--- WORK REQUEST ---
Pictures in the material below are to be left out, and only the lines from the line with "Niektóre sceny kręcono" up to and including the line with "Continúan en Abyssinia" are to be written out exactly.

--- TASK INPUTS ---
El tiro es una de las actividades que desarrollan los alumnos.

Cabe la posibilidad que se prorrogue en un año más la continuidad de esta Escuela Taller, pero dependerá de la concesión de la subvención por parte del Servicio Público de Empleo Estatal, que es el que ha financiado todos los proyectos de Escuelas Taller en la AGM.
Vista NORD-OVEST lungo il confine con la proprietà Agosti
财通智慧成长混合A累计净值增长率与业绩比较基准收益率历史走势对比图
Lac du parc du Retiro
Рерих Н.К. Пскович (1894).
--
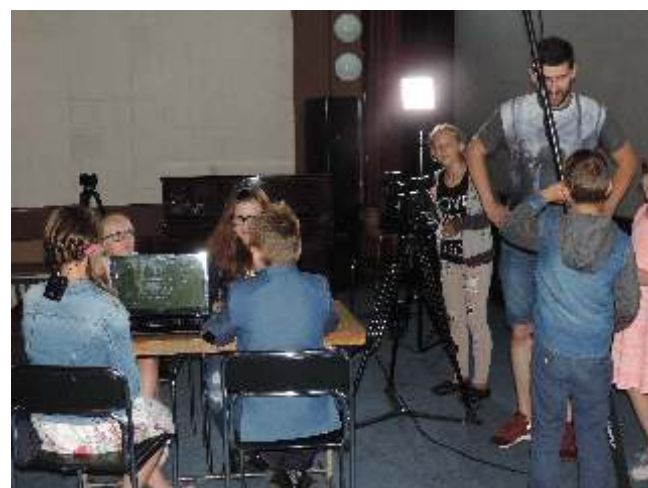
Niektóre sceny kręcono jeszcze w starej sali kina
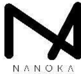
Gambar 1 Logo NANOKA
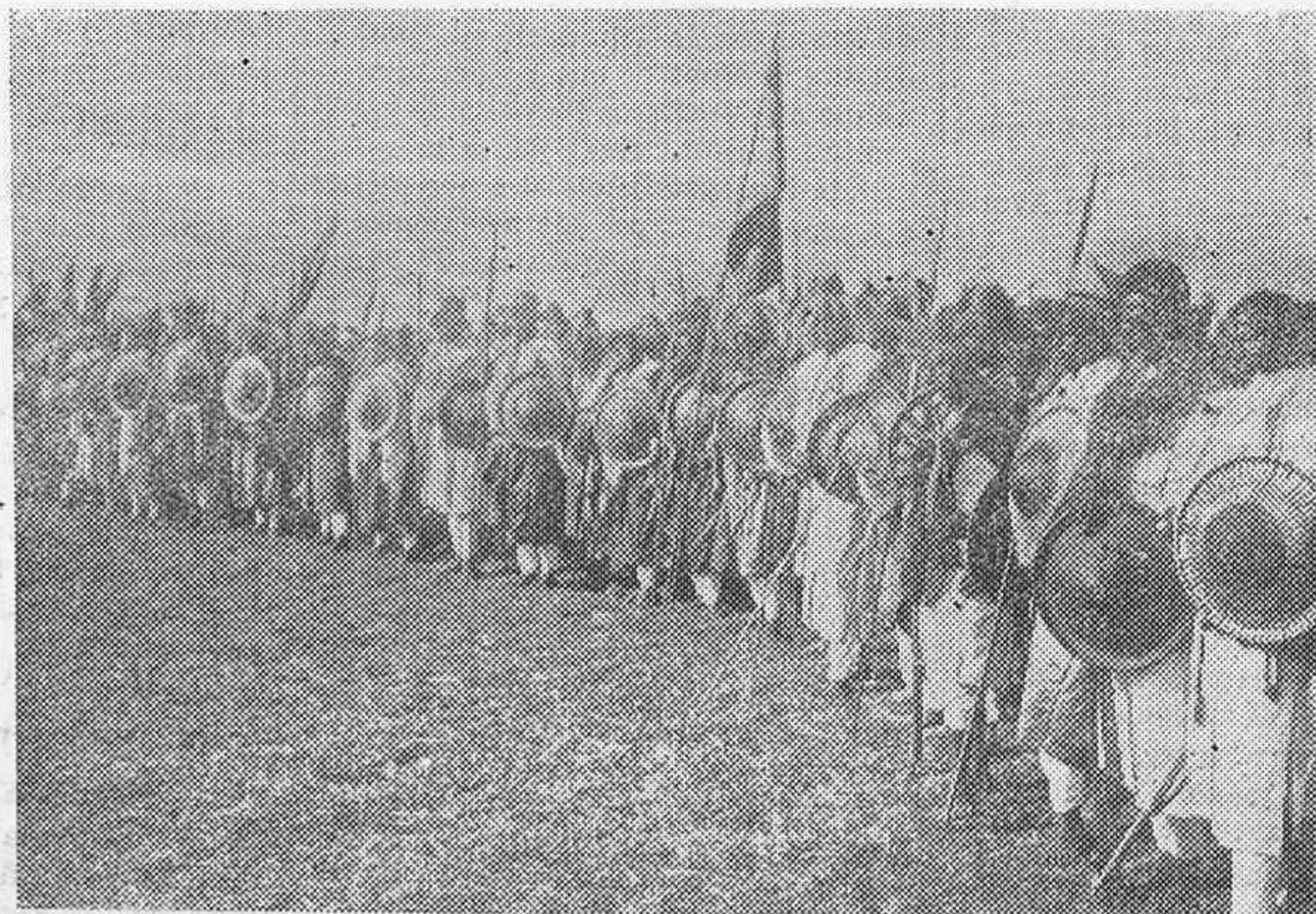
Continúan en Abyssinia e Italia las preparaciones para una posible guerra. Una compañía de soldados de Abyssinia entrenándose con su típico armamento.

--- TASK RESPONSE ---
Niektóre sceny kręcono jeszcze w starej sali kina
Gambar 1 Logo NANOKA
Continúan en Abyssinia e Italia las preparaciones para una posible guerra. Una compañía de soldados de Abyssinia entrenándose con su típico armamento.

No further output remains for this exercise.